Cas Russell is good at maths. Really good. As in calculating where to apply to correct amount of power to kick a chair so it causes maximum damage to the person standing in front of it good. As in working out the trajectory of bullets as they are fired so they don't hit you in leg good. Which is useful for somebody working under the radar as a freelance ... retriever.

But while maths can be really useful, it's not the best defence against somebody who can read your mind and implant thoughts in it. So when Cas finds herself up against said telepath, she not only has some nefarious schemes to scupper, she's also got to be sure she's not unknowingly helping them along.

Zero Sum Game is the debut novel from SL Huang and it's pretty good. Not only does it feature a main character who manages to kick asses while being female, her superpower is maths. Or 'math', because this book is American. The only thing my maths skills have done for me is enable me to always buy the most cost effective bag of dishwasher tablets even when I don't have a calculator.

I've heard a lot of good things about this one so I was initially a bit disappointed. The opening was underwhelming - not because it did anything wrong; it read like the action sequence which preceeds the credits of a blockbuster film which was fine and everything, just ... meh. However, by 16% it had me. Cas is a witty voice (I will admit, I slightly want to be her. I want to throw sticks.) and she's joined by a cast who complement her nicely.
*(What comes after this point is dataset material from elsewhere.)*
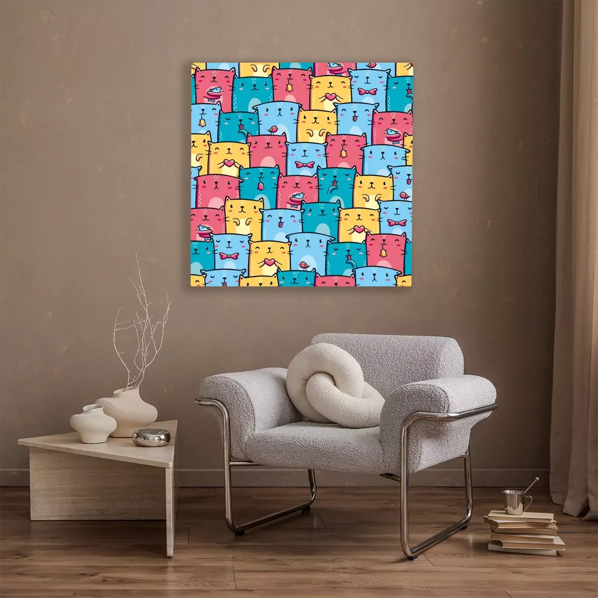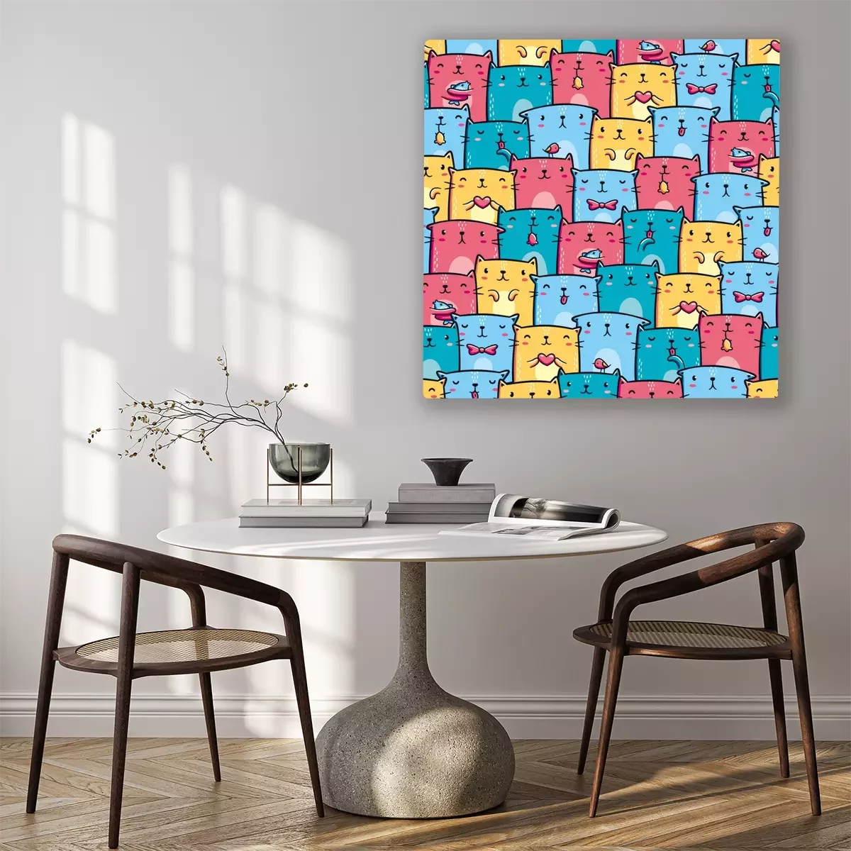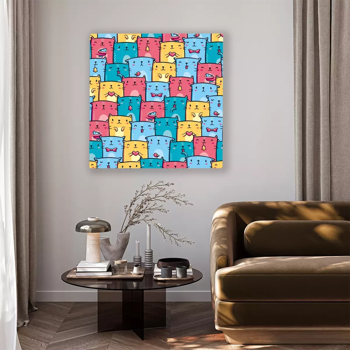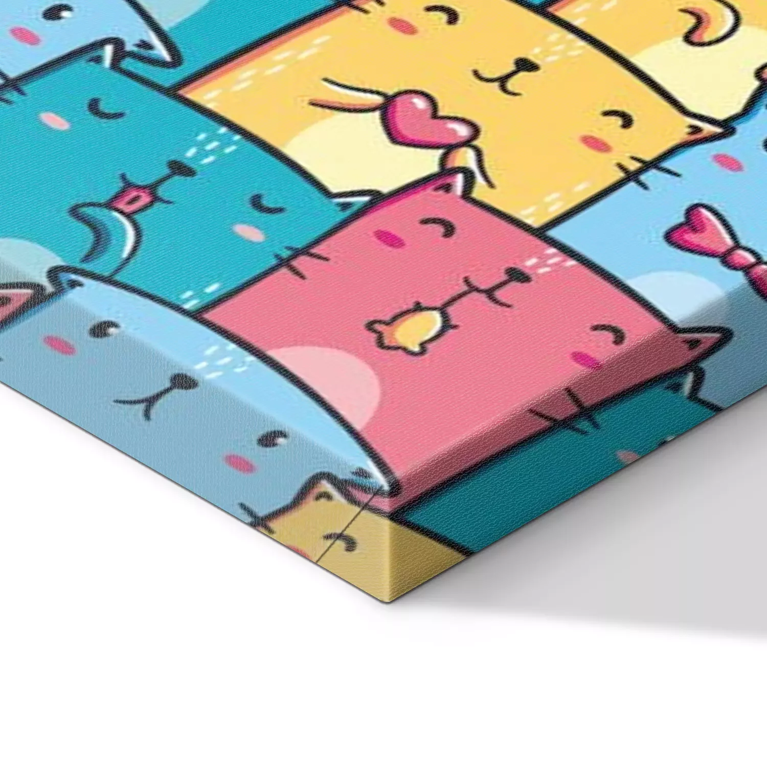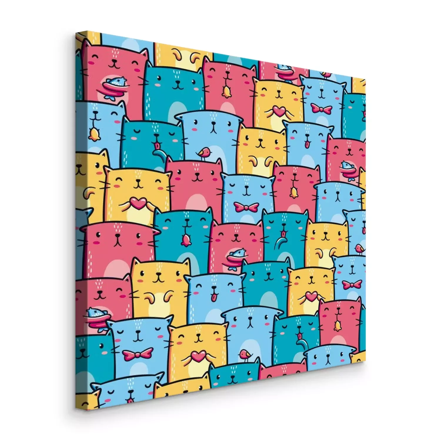 Bild Cute colorful cats seamless pattern. Kawaii characters, hand drawn style. Design for print (apparel, wrapping paper, background, poster)

I especially liked the interplay between her and Arthur - he's a nice (if marginally predictable) foil to Cas's Lone Ranger attitude, a dose of empathy in situations where some things need remembering.

The ways in which this could have gone horribly wrong are many and, all credit to Huang, it didn't. When you've got a first person narrator who may not be acting of her own volition you need to get it right and Huang mostly did. The pace keeps things moving forward and it was only towards the end, when that began to slacken, that I felt some minor irritation with a couple of things.

While I was reading it, this was on course for 4 stars - I usually have 2 books on the go, one upstairs and one downstairs; if I carry a book to another floor with me, it's a good sign - but the ending is also underwhelming. It's not bad, just weak. Although the book stands alone, it's the first in a projected series (Book 2, Half Life, is out now) and much of what I disliked were the manoeuvres in the final third, the necessary setting-up of strands for future books.

Zero Sum Game is a seriously enjoyable read for the most part. It's got a great premise, a main character who does it justice, and a story which kept me reading. If only the ending had been better. 3.5 stars and I'll likely be getting the next book in the future.